Neural stem cell proliferation and differentiation are regulated by external cues from their microenvironment. As endothelial cells are closely associated with neural stem cell in brain germinal zones, we investigated whether endothelial cells may interfere with neurogenesis. Neural precursor cells (NPC) from telencephalon of EGFP mouse embryos were cocultured in direct contact with endothelial cells. Endothelial cells did not modify the overall proliferation and apoptosis of neural cells, albeit they transiently delayed spontaneous apoptosis. These effects appeared to be specific to endothelial cells since a decrease in proliferation and a raise in apoptosis were observed in cocultures with fibroblasts. Endothelial cells stimulated the differentiation of NPC into astrocytes and into neurons, whereas they reduced differentiation into oligodendrocytes in comparison to adherent cultures on polyornithine. Determination of NPC clonogenicity and quantification of LeX expression, a marker for NPC, showed that endothelial cells decreased the number of cycling NPC. On the other hand, the presence of endothelial cells increased the number of neural cells having “side population” phenotype, another marker reported on NPC, which we have shown to contain quiescent cells. Thus, we show that endothelial cells may regulate neurogenesis by acting at different level of NPC differentiation, proliferation and quiescence.

Introduction

During brain development, neural stem cells are produced within germinal zones in close contact with the lateral ventricle walls. In adult mammals, neural stem cells reside in restricted germinal zones that produce large number of new neurons throughout the life of the animal: the subventricular zone and subgranular zone of the hippocampus [1].

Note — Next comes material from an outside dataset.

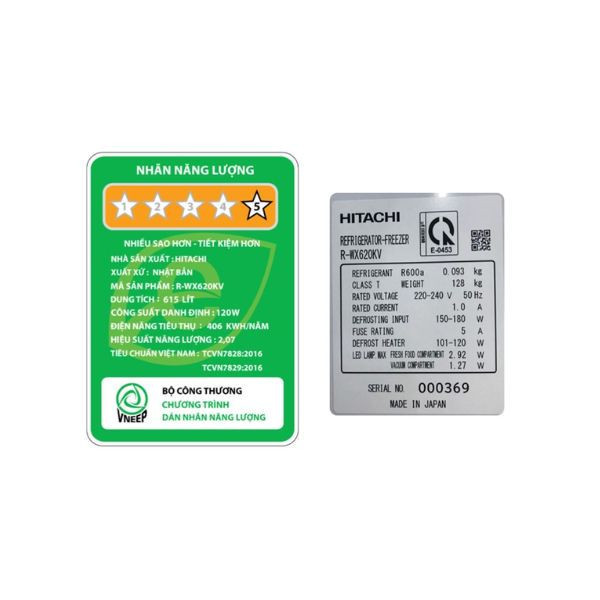 | Tên sản phẩm | Tủ lạnh cao cấp Hitachi Inverter 615 lít R-WX620KV(XK) |

The self-renewal, proliferation and differentiation of neural stem cells – processes essential for brain homeostasis – are regulated by a complex and specialized microenvironment around the neural stem cells, the neural stem cell niche [2]. Astrocytes have meandering projections that make contact with all types of cells. They are anchored to the basal lamina of blood vessels. Astrocytes are extensively coupled by gap junctions and may therefore rapidly propagate signals within the neural stem cell niche. They also secrete factors that support neurogenesis in vitro [3]. Ependymal cells produce noggin, an antagonist of bone morphogenic protein signaling, thereby maintaining the neural stem cell niche in adult subventricular zone by inhibiting glial differentiation [4]. In addition to growth factors, the extracellular matrix provides adhesion molecules that play a role in the migration and maintenance of neural stem cells [5].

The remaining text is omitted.